On-line version ISSN 1808-1657

Arq. Inst. Biol. vol.79 no.4 São Paulo Oct./Dec. 2012

https://doi.org/10.1590/S1808-16572012000400015 

ARTIGO CIENTÍFICO

 

Plantas associadas à videiras: uma estratégia para o controle biológico no Rio Grande do Sul

 

Plants associated to the grapevine: a strategy for biological control in the state of Rio Grande do Sul, Brazil

 

 

M. Diehl; N.J. Ferla; L. Johann

Centro Universitário UNIVATES, Laboratório de Acarologia, Rua Avelino Tallini, 171, CEP 95900-000, Lajeado, RS, Brasil. E-maill: marciadiehl@universo.univates.br

 

 


RESUMO

Espécies de plantas associadas podem servir de abrigo para um grande número de organismo, entre eles ácaros predadores. Este estudo visou identificar as plantas associadas com maior potencial de inimigos naturais, para poder estabelecer formas de controle biológico. O estudo foi realizado nos municípios de Boqueirão do Leão e Dois Lajeados, no período de março de 2006 a fevereiro de 2007 e em Candiota e Bento GONÇALVES, no período de outubro de 2006 a setembro de 2007, no Estado do Rio Grande do Sul. Os ácaros foram coletados mensalmente em cinco espécies de plantas comumente encontradas no interior ou nos arredores da cultura de videiras. As plantas foram avaliadas sob microscópio estereoscópico, sendo encontrado um total de 1.036 ácaros das famílias Phytoseiidae, Stigmaeidae e Iolinidae. Foram amostradas 80 espécies de plantas, totalizando 506 amostragens. Em Sonchus oleraceus L, foram encontrados 110 espécimes, em Plantago tomentosa Lam. foram encontrados 105 ácaros, em Chromolaena Laevigata (Lam) R. M. King &H. Rob., 97 ácaros e em Solanum americanum Mill. 75 ácaros. Pronematus anconai BAKER, (1943) 1944, foi mais abundante, com 618 espécimes presentes em 44 plantas amostradas, Transeius lisei FERLA & SILVA 2008, com 112 espécimes, Typhlodromalus aripo Deleon, 1967, com 50 espécimes e Arrenoseius gaucho FERLA et al. 2010, com 68 espécimes. As espécies de plantas associadas à videira apresentam um grande número de ácaros predadores, sendo que elas podem ser um reservatório de inimigos naturais para controlar ácaros praga nesta cultura. Desta forma, essas plantas podem ser utilizadas em estratégias de onde programas de controle biológico aplicado podem ser utilizados.

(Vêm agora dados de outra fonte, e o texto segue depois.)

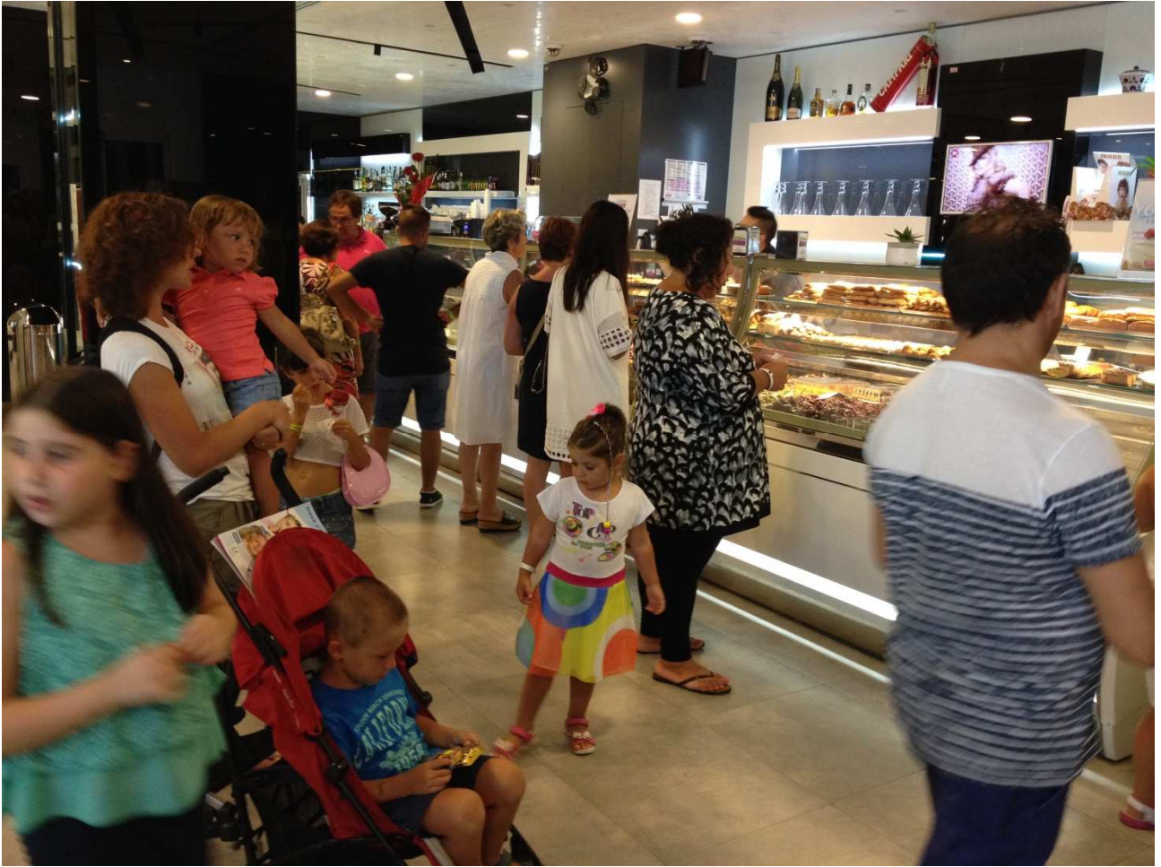
01 settembre 2015 Torre dell'Orso ..... al bancone della pasticceria gelateria Dentoni

Palavras-chave: Inimigos naturais, ácaros predadores, ácaros fitófagos, Phytoseiidae, Stigmaeidae.


ABSTRACT

Associated plant species can provide shelter for a large number of organisms, including predatory mites. This study aimed to identify the associated plants with the greatest potential for natural enemies, in order to establish forms of biological control. The study was conducted in Boqueirão do Leão and Dois Lajeados counties, from March 2006 to February 2007, and in Candiota and Bento GONÇALVES counties, from October 2006 to September 2007, in the state of Rio Grande do Sul, Brazil. The mites were collected monthly on 5 plant species commonly found inside or outside the grapevine crop. The plants were evaluated under a stereoscopic microscope, and a total of 1036 mites of the Phytoseiidae, Stigmaeidae, and Iolinidae families were found. Eighty plant species were sampled, for a total of 506 samples. Examination revealed 110 specimens on Sonchus oleraceus L., 105 on Plantago tomentosa Lam., 97 on Chromolaena Laevigata (Lam) R. M. King & H. Rob., and 75 on Solanum americanum Mill. Pronematus anconai, 1944, was the most abundant species, with 618 specimens present on 44 plants, followed by Transeius lisei, with 112 specimens, Typhlodromalus aripo Deleon, 1967, with 50 specimens, and Arrenoseius gaucho, FERLA et al. 2010 with 68 specimens. Plants associated to the grapevine have a large number of predatory mites, and they can be a reservoir of natural enemies for the control of pest mites in this crop. Thus, these plants can be used in strategies involving the use of biological control programs.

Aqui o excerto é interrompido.